*Source data*:
[Start of section]
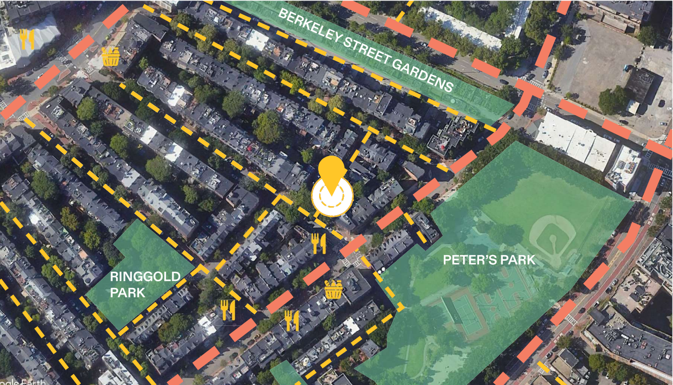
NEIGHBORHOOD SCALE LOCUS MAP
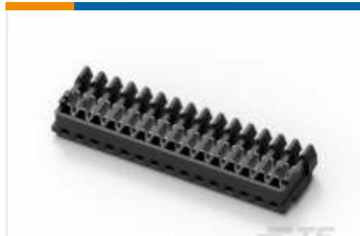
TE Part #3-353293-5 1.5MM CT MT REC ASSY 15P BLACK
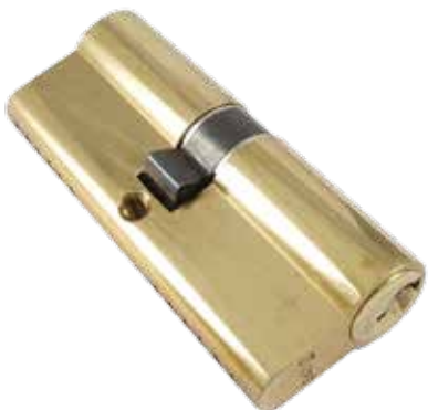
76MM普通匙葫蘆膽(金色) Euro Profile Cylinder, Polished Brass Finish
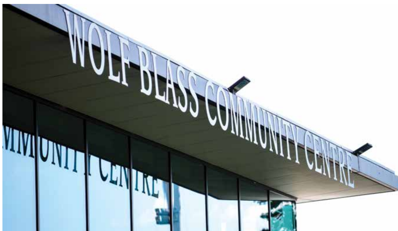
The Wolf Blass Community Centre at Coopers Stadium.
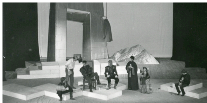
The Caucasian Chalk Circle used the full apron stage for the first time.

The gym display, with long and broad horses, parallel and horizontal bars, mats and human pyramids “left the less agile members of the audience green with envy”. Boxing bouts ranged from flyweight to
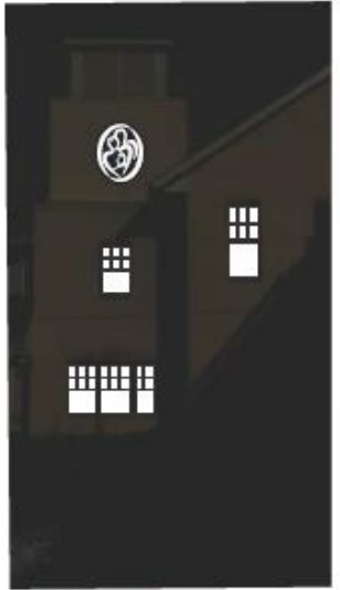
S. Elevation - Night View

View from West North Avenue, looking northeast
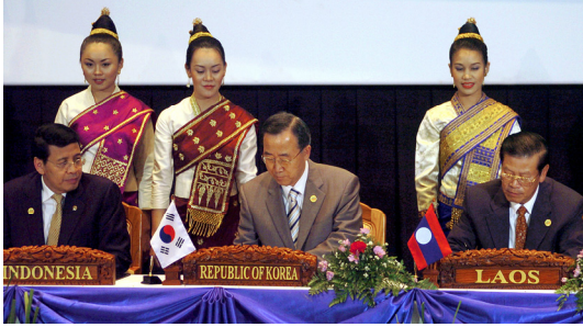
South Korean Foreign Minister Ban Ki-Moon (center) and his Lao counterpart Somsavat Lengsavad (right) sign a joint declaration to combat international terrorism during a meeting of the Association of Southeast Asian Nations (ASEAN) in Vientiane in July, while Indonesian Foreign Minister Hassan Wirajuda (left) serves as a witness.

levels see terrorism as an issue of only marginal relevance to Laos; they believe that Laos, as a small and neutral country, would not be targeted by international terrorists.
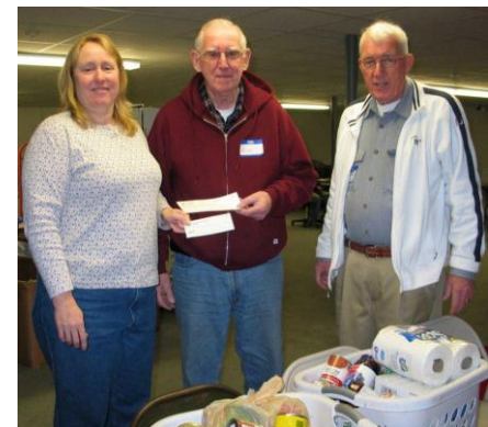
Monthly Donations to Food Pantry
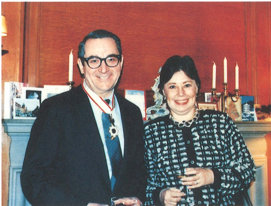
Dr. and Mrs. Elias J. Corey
[End of section]
Leaving each picture behind, please give again exactly the lines above from the one with "The Wolf Blass" through the one with "View from West", both included, and no others.

The Wolf Blass Community Centre at Coopers Stadium.
The Caucasian Chalk Circle used the full apron stage for the first time.

The gym display, with long and broad horses, parallel and horizontal bars, mats and human pyramids “left the less agile members of the audience green with envy”. Boxing bouts ranged from flyweight to
S. Elevation - Night View

View from West North Avenue, looking northeast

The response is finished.